▶ _Dataset extract_
====

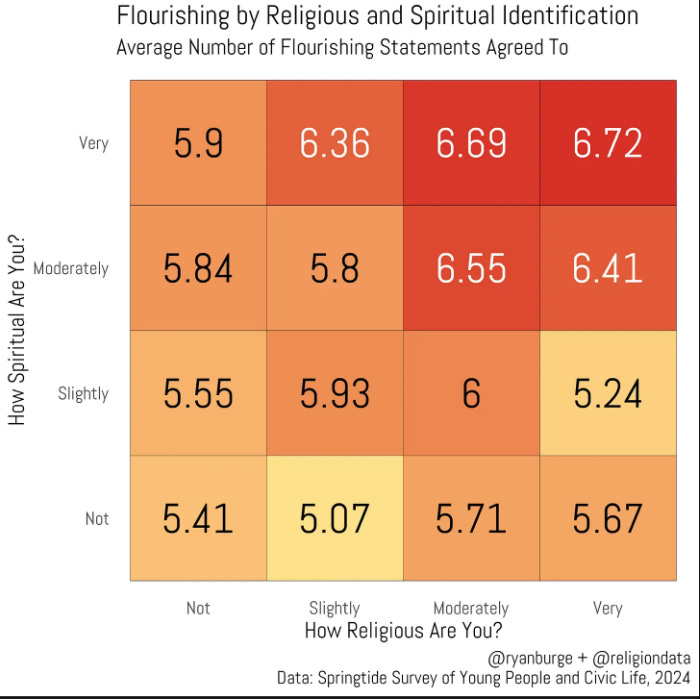 Last night while I took the dog out before heading to bed, I found myself scrolling through Ryan Burge’s Substack, Graphs about Religion. The name of his Substack is self-explanatory as he posts interesting graphs about various religious topics. The post, “Flourishing or Floundering? How Young People See Their Lives: And what role does religion and/or spirituality play in this,” caught my attention and I realized that it has some connection into what I am writing about here. Let’s first look at Burge’s data and then I’ll bring in the data from my research and make some comments about connections between the two.
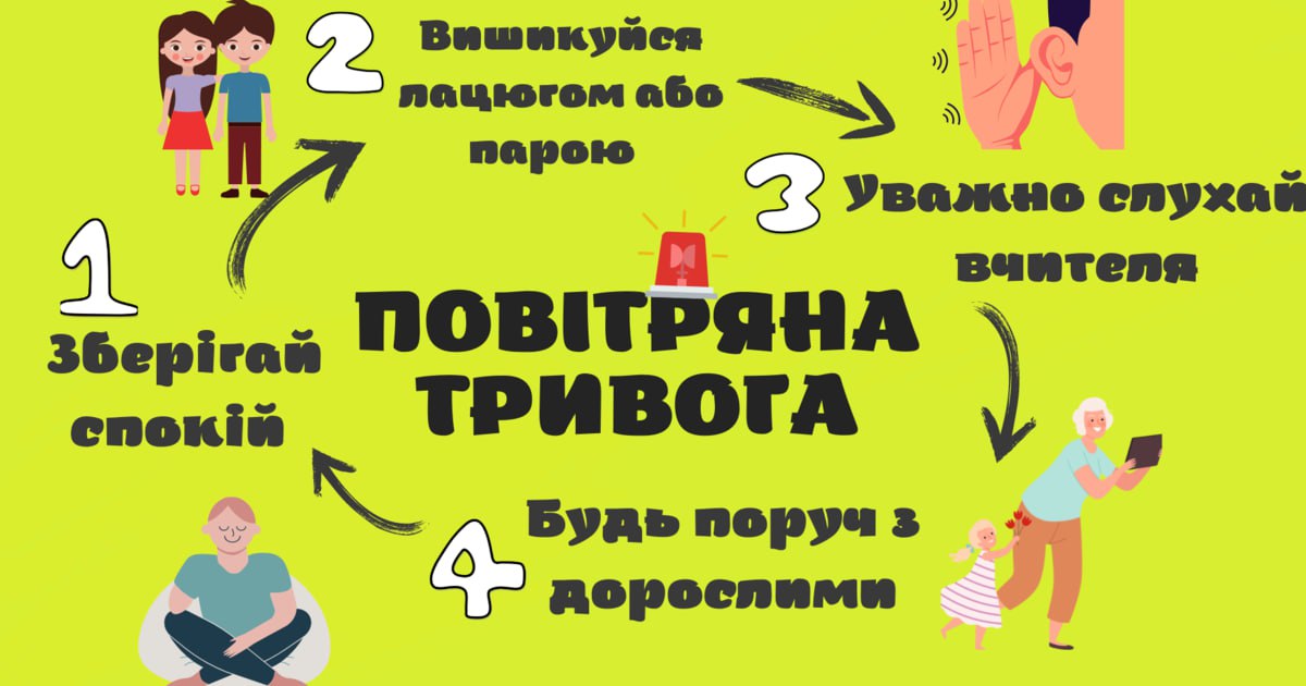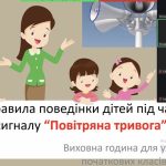 Алгоритму дій у разі оголошення сигналу “Повітряна тривога”. Збереження життя та здоров’я – це головна задача кожної людини. З метою відповідального ставлення до власної безпеки та безпеки оточення в умовах воєнного стану, в ліцеї відбулися виховні години , під час яких учні повторили чіткий алгоритм дій у разі оголошення сигналу «Повітряна тривога».Діти отримали пояснення, що робити, якщо сигнал застав під час навчання, в дорозі або вдома .
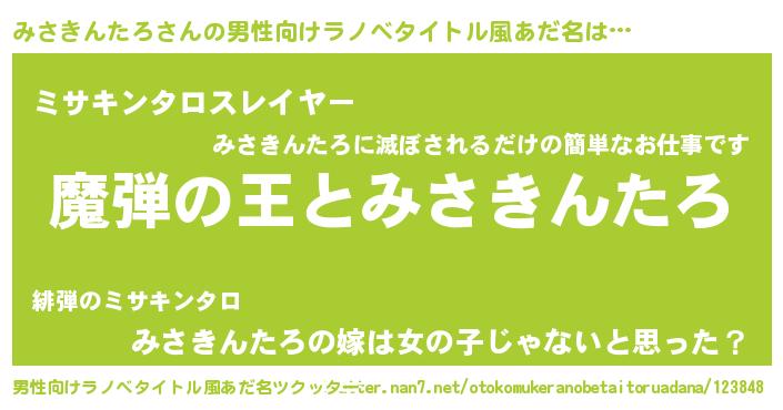| 女子向けラノベタイトル風あだ名 | 『みさきんたろが死なない童話 林檎のみさきんたろの診療簿』 |
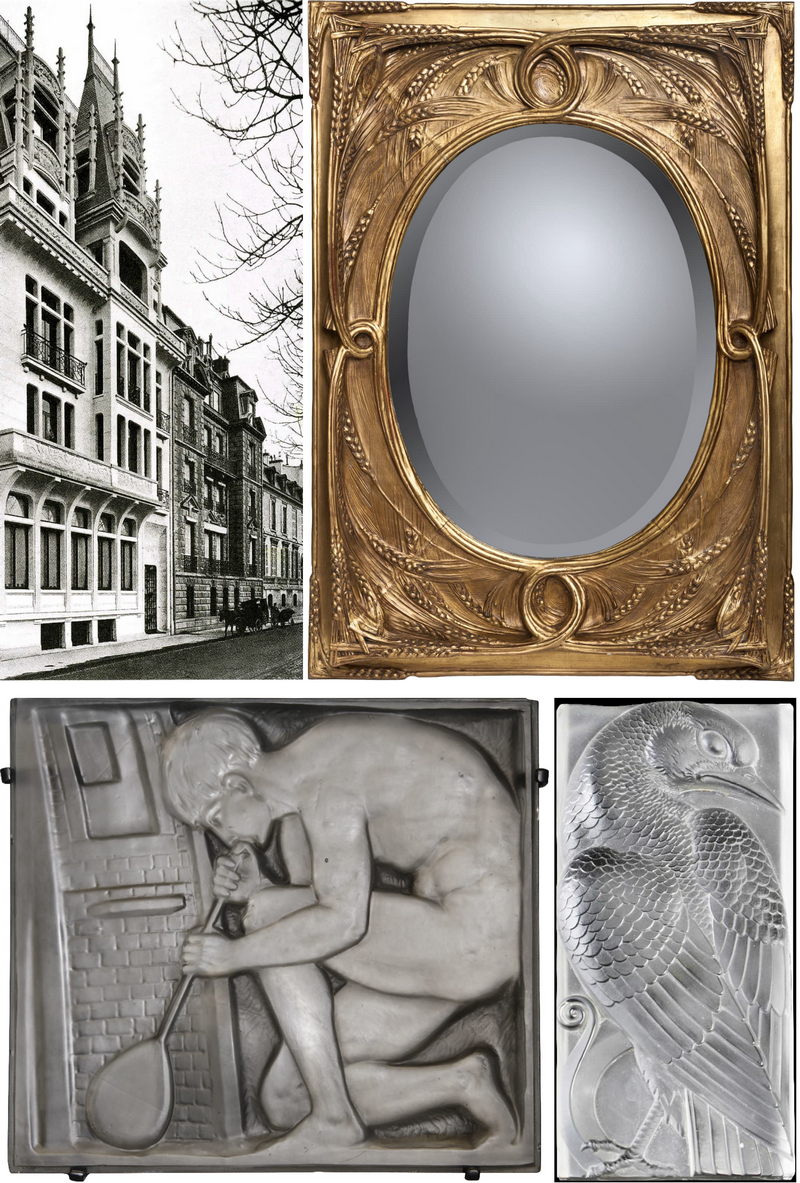 En plus de faire partie intégrante de la mise en valeur de l’Exposition des Arts Décoratifs et Industriels Modernes, René Lalique va s’intéresser au décor d’architecture intérieure d’hôtels particuliers pour des célébrités. Dès 1902, il se fait construire pour lui-même un hôtel particulier éclectique situé Cours Albert Premier dans le quartier des grands joailliers et parfumeurs. Il dessine des bas-reliefs, des miroirs, différents panneaux qui vont être intégrés à l’architecture intérieure des bâtiments – Source : Collection Musée Lalique.

====

▶ _Exercise requirements_
Strip out the pictures and repeat the listing above exactly.

▶ _Result of this exercise_
 Last night while I took the dog out before heading to bed, I found myself scrolling through Ryan Burge’s Substack, Graphs about Religion. The name of his Substack is self-explanatory as he posts interesting graphs about various religious topics. The post, “Flourishing or Floundering? How Young People See Their Lives: And what role does religion and/or spirituality play in this,” caught my attention and I realized that it has some connection into what I am writing about here. Let’s first look at Burge’s data and then I’ll bring in the data from my research and make some comments about connections between the two.
 Алгоритму дій у разі оголошення сигналу “Повітряна тривога”. Збереження життя та здоров’я – це головна задача кожної людини. З метою відповідального ставлення до власної безпеки та безпеки оточення в умовах воєнного стану, в ліцеї відбулися виховні години , під час яких учні повторили чіткий алгоритм дій у разі оголошення сигналу «Повітряна тривога».Діти отримали пояснення, що робити, якщо сигнал застав під час навчання, в дорозі або вдома .
| 女子向けラノベタイトル風あだ名 | 『みさきんたろが死なない童話 林檎のみさきんたろの診療簿』 |
 En plus de faire partie intégrante de la mise en valeur de l’Exposition des Arts Décoratifs et Industriels Modernes, René Lalique va s’intéresser au décor d’architecture intérieure d’hôtels particuliers pour des célébrités. Dès 1902, il se fait construire pour lui-même un hôtel particulier éclectique situé Cours Albert Premier dans le quartier des grands joailliers et parfumeurs. Il dessine des bas-reliefs, des miroirs, différents panneaux qui vont être intégrés à l’architecture intérieure des bâtiments – Source : Collection Musée Lalique.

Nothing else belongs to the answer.